Multiple horizontal gene transfer events and domain fusions have created novel regulatory and metabolic networks in the oomycete genome

Abstract

Complex enzymes with multiple catalytic activities are hypothesized to have evolved from more primitive precursors. Global analysis of the Phytophthora sojae genome using conservative criteria for evaluation of complex proteins identified 273 novel multifunctional proteins that were also conserved in P. ramorum. Each of these proteins contains combinations of protein motifs that are not present in bacterial, plant, animal, or fungal genomes. A subset of these proteins were also identified in the two diatom genomes, but the majority of these proteins have formed after the split between diatoms and oomycetes. Documentation of multiple cases of domain fusions that are common to both oomycetes and diatom genomes lends additional support for the hypothesis that oomycetes and diatoms are monophyletic. Bifunctional proteins that catalyze two steps in a metabolic pathway can be used to infer the interaction of orthologous proteins that exist as separate entities in other genomes. We postulated that the novel multifunctional proteins of oomycetes could function as potential Rosetta Stones to identify interacting proteins of conserved metabolic and regulatory networks in other eukaryotic genomes. However ortholog analysis of each domain within our set of 273 multifunctional proteins against 39 sequenced bacterial and eukaryotic genomes, identified only 18 candidate Rosetta Stone proteins. Thus the majority of multifunctional proteins are not Rosetta Stones, but they may nonetheless be useful in identifying novel metabolic and regulatory networks in oomycetes. Phylogenetic analysis of all the enzymes in three pathways with one or more novel multifunctional proteins was conducted to determine the probable origins of individual enzymes. These analyses revealed multiple examples of horizontal transfer from both bacterial genomes and the photosynthetic endosymbiont in the ancestral genome of Stramenopiles. The complexity of the phylogenetic origins of these metabolic pathways and the paucity of Rosetta Stones relative to the total number of multifunctional proteins suggests that the proteome of oomycetes has few features in common with other Kingdoms.
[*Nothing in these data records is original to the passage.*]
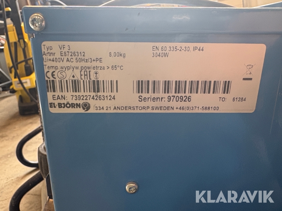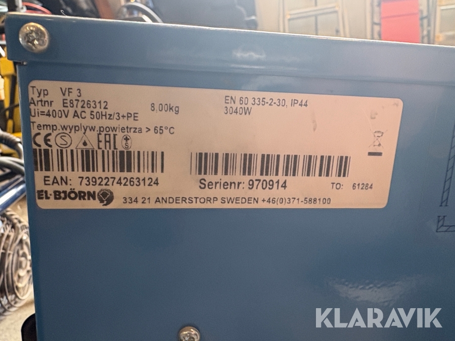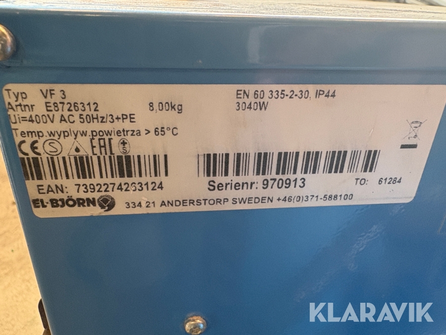 Boka frakt? Det finns ingen specifik information om frakt för just det här objektet, men om du skickar oss en förfrågan via vårt fraktformulär, så undersöker vi möjligheten. Paket, EU-pall eller större maskin? Klaravik har fraktavtal med Schenker och i de fall vi kan hjälpa till med frakt gäller det objekt som ryms i paket eller inom en EU-pall (upp till 120*80 cm och 990 kg). Det går att beställa frakt inom Sverige, dock inte till utlandet. Vid frakt på större maskiner rekommenderar vi gärna transportföretag som du kan kontakta.
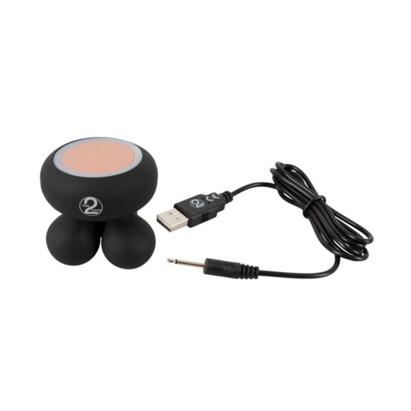 Recargable – Cable de carga USB incluido. 5,5 cm de largo, 5,4 cm de ancho. Ø: bola de 2,7 cm cada una, superficie de calentamiento de 3,4 cm. Peso 101g. Silicona, PU, ABS.
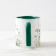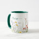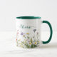 Custom script personal name Coffee Mug. A meadow full of watercolor wildflowers, butterflies and dragonfly. The name on both sides is in a peach script font with attached swirls/glyph on each side of the name for a feminine touch. You can keep them or delete. Try to write your name between the square icons and see before you decide.
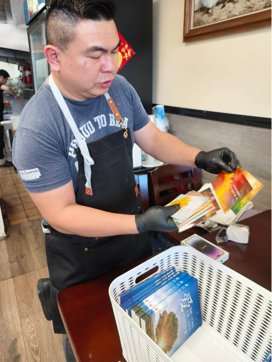 我也开始踏出家门,正式走入社区,跟不相识的人分享推荐书籍与卡片。今天跟提前联系好的中文学校与华人餐馆进行赠书活动,整个过程中伴随着与神同在的温暖、喜悦与激动,那种光明与荣耀是我的灵魂三生有幸。
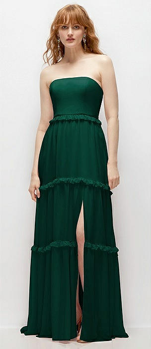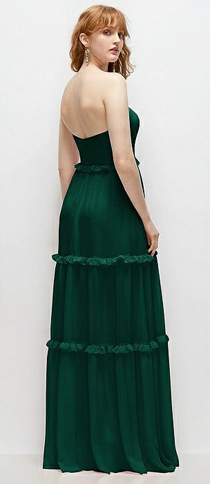 Strapless Chiffon Maxi Dress with Tiered Micro Ruffle Full Skirt in hunter green
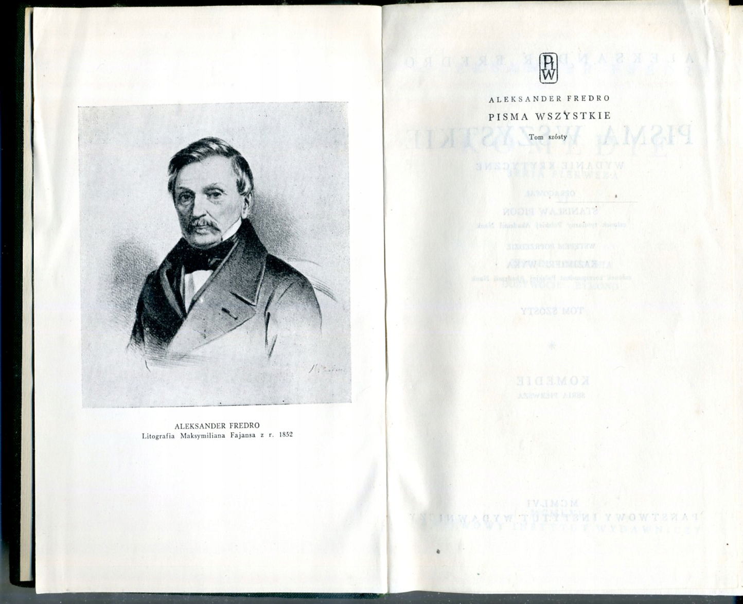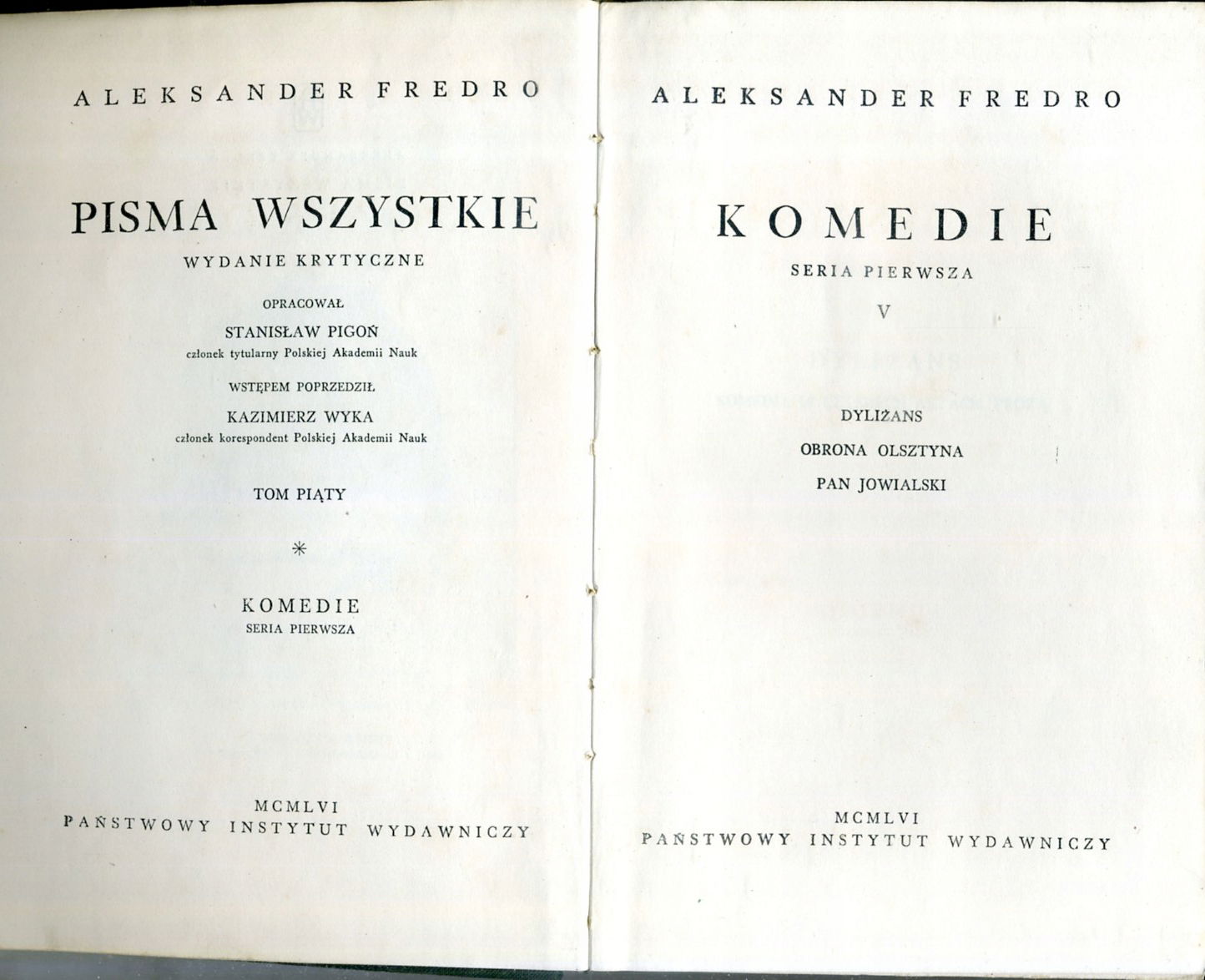 • Fredro Pisma wszystkie Komedie Dyliżans, Obrona Olsztyna, Pan Jowialski (1956)
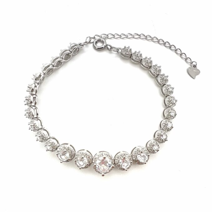 צמיד טניס עם סגירת שרשרת משובץ אבני זרקון גדולים עם שיבוץ אבני זרקון קטנות מסביבו
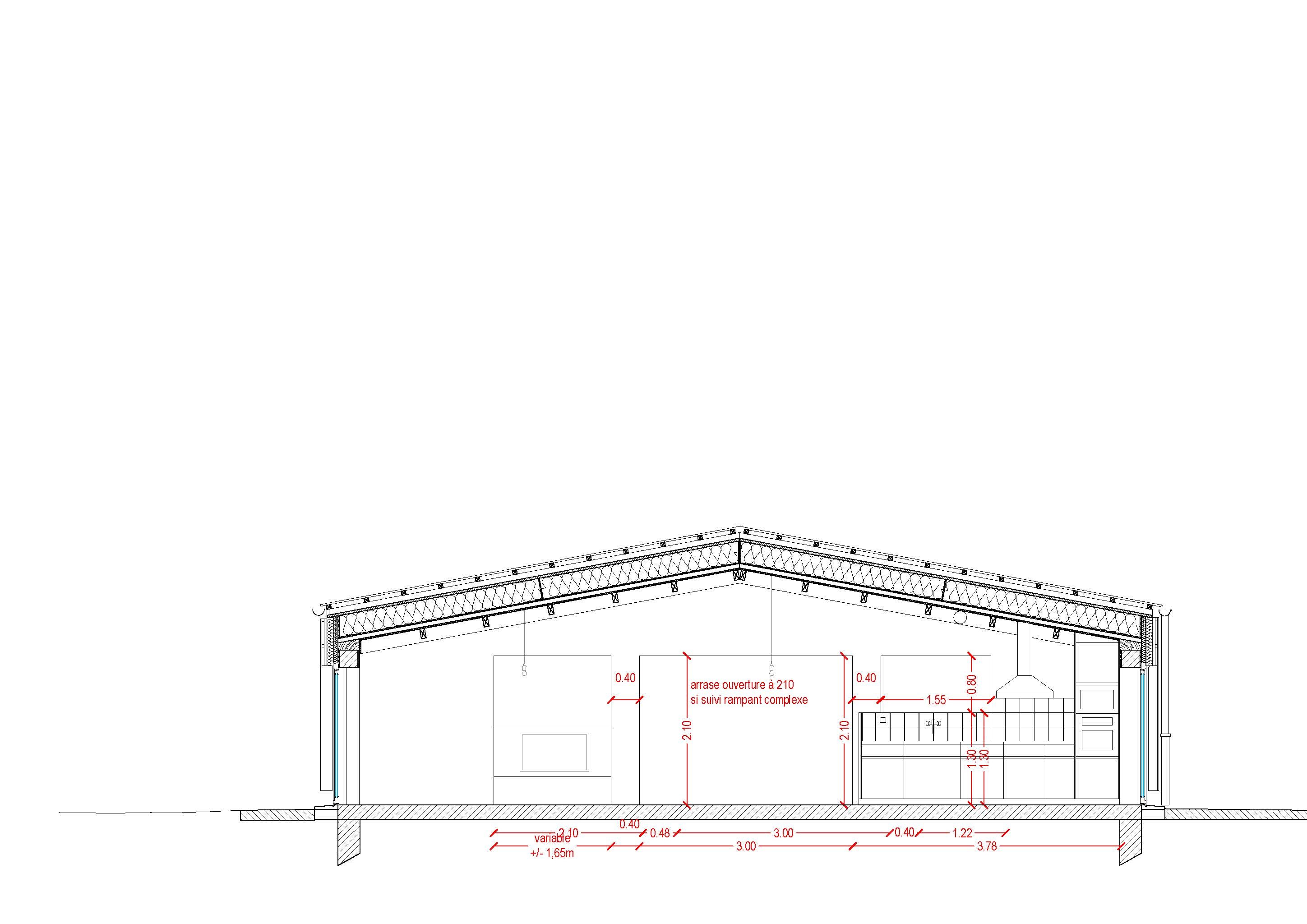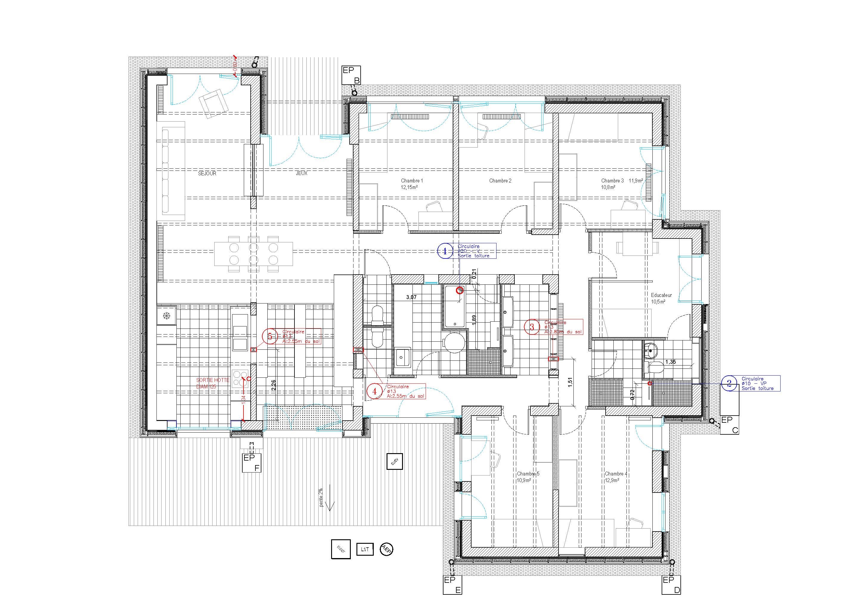 Descriptif technique : mur existant : parpaing sans isolation ITE : ossature + 160mm de fibre de bois en 2 couches croisées dans ossature R4.44 élévation de toiture : insufflation de 300cm de ouate + 35mm de panneau fibre de bois soit un R total de 8,08 m²K/W menuiseries bois/alu pose en tunnel ext. du mur au contact de l'ITE liège de 80mm en bas de mur
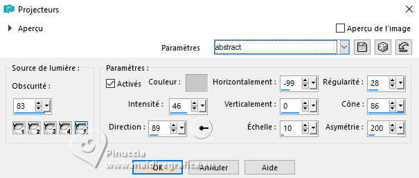 Effets>Effets d'éclairage>Projecteurs - sélectionner le preset astract

Figure 1. Search strategy to identify novel multifunctional proteins in the Phytophthora sojae genome.

Figure 2. Lysine biosynthetic pathway of oomycetes.

Gene model IDs for P. sojae are shown for each step on the pathway. The probable origin of each gene model based on PHYML analysis is listed as bacterial, metazoan, plant or unknown. The oomycete pathway closely mirrors the plant biosynthetic strategy, but has one fewer step and the majority of enzymes appear to be of bacterial origin.

Figure 3. PHYML analysis of genes with homology to oomycete genes with predicted domains for arginine, ornithine or diaminopimelate decarboxylase activity.

Numbers at nodes indicate bootstrap support values (100 replications). Gene names are color coded to indicate the major phylogenetic groups: archaea, purple; bacteria, blue; plants, green; stramenopiles, red.

Figure 4. Divergence of diatoms and oomycetes from a common ancestral genome.

Selective transfer of DNA from the endosymbiont of LUCA, and the continued acquisition of bacterial DNA by phagocytosis after the separation of oomycetes and diatoms has contributed to the divergence of these genomes.